Wybitny w testach w Walencji i Sepang, trio w Portimao? Luca Marini byłby z tego zadowolony, biorąc pod uwagę, że bardzo lubi portugalski tor. Ale byłoby to również kolejne potwierdzenie, że Ducati świetnie spisuje się na każdym torze. To tylko testy, ale zawodnik VR46 przygotowuje się do nowego sezonu światowego, swojego trzeciego w MotoGP. Tym razem jednak z jeszcze większym zacięciem, determinacją i świadomością swoich środków. Długa zimowa przerwa, która posłużyła mu do analizy wszystkiego, w poszukiwaniu ostatniego kroku i tego podium, którego wciąż brakuje.
Marini: „Spokojny w siodle, myślę tylko o jeździe”
„Testy nic nie znaczą, ale fajnie jest się bawić, mieć dobre odczucia i dobrze pracować. Udało się i moim zdaniem sezon zaczyna się w najlepszy sposób.” Nawet to zdanie wystarczy, aby powtórzyć to, co zostało powiedziane wcześniej. Jak wspomniano, Luca Marini wystartuje ponownie na GP22, którym jeździł już w zeszłym roku. Przewaga czy nie? „To zawsze jest wada, ale daje więcej czasu na pracę nad drobnymi szczegółami” – podkreślił 25-latek z Urbino. „Myślę o zeszłym roku w Sepang, to był cały wyścig, także dlatego, że był to zespół, który niewiele wiedział o MotoGP. Tym razem jednak w garażu panowała znacznie luźniejsza atmosfera”. Marini zmienił też coś w swoim podejściu. „Wiedza o zbyt wielu rzeczach cię warunkuje, kiedy jesteś w siodle, musisz być spokojny i myśleć tylko o jeździe” podkreślił. „Zespół musi podejmować decyzje, ja muszę tylko przekazać odpowiednią informację zwrotną”.

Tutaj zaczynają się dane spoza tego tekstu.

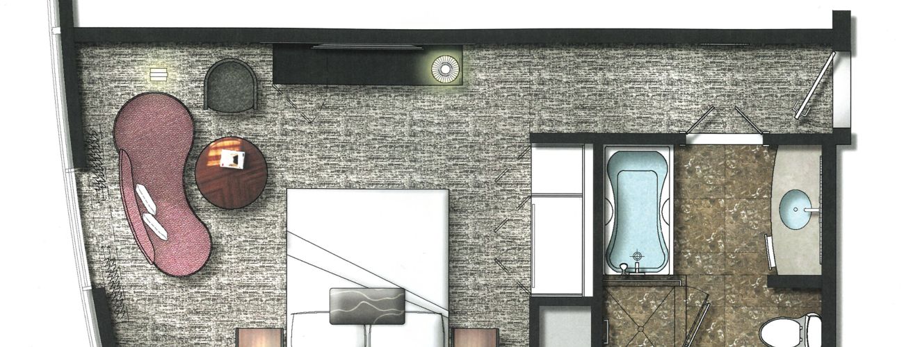 Signature Iconic Building View Suite mit 1 Schlafzimmer und Kingsize Bett Obere Etagen

„Zdrowa rywalizacja, wszyscy na podium”
Sesje treningowe Akademii VR46 obejmują teraz bezpośrednią konfrontację z aktualnym mistrzem MotoGP. Dodatkowy impuls również dla kierowcy z regionu Marche. „To była zabawna i stymulująca zima, moim zdaniem nasza czwórka w MotoGP bardzo się rozwinęła. Jest zdrowa rywalizacja, osiągnęliśmy punkt, w którym wszyscy jesteśmy gotowi do walki o podium.” W tej chwili to jeszcze przed nim, ale może nie być daleko. „Tej zimy bardzo rozwinąłem się na poziomie osobistym, czuję się gotowy i naładowany”. MotoGP wydaje się wyrównane na okrążeniu, ale wyprzedzanie w wyścigu jest coraz trudniejsze. „Zacząłem to mówić już w zeszłym roku” — powtórzył Marini. „Pomiędzy aerodynamiką, urządzeniem obniżającym, elektroniką… Również w przypadku opon, które bardzo się nagrzewają, gdy jedziesz za innymi motocyklami. W rezultacie cierpi również Twój silnik. My, piloci, będziemy musieli wymyślić coś innego.
Wyścig La Sprint
Dużą zmianą będzie format weekendowy. W szczególności szeroko komentowany wyścig w sobotę, który potrwa połowę wyścigu w niedzielę. „Słysząc wypowiedzi Petrucciego, brzmi to jak katastrofa, w MotoGP myślę, że jest jeszcze gorzej” Marini zadeklarował w tej sprawie. „To będzie wyścig, który będzie sprzyjał większej konkurencyjności nawet tym, którzy nie rywalizują w niedzielę w długim wyścigu. Możesz ścigać się na miększej mieszance, która zwykle wystarcza na około dziesięć okrążeń, ale ci, którzy mają problemy ze zużyciem paliwa, również mogą się tam znaleźć”. Opony są również nowe, z tyłu są tylko dwie zamiast trzech. „Dużo się zmienia i dla mnie to wstyd” Marini przyznał. „Ale myślę, że służy to jeszcze większemu wyrównaniu kategorii, wszyscy będziemy mieć mniej więcej taką samą oponę”.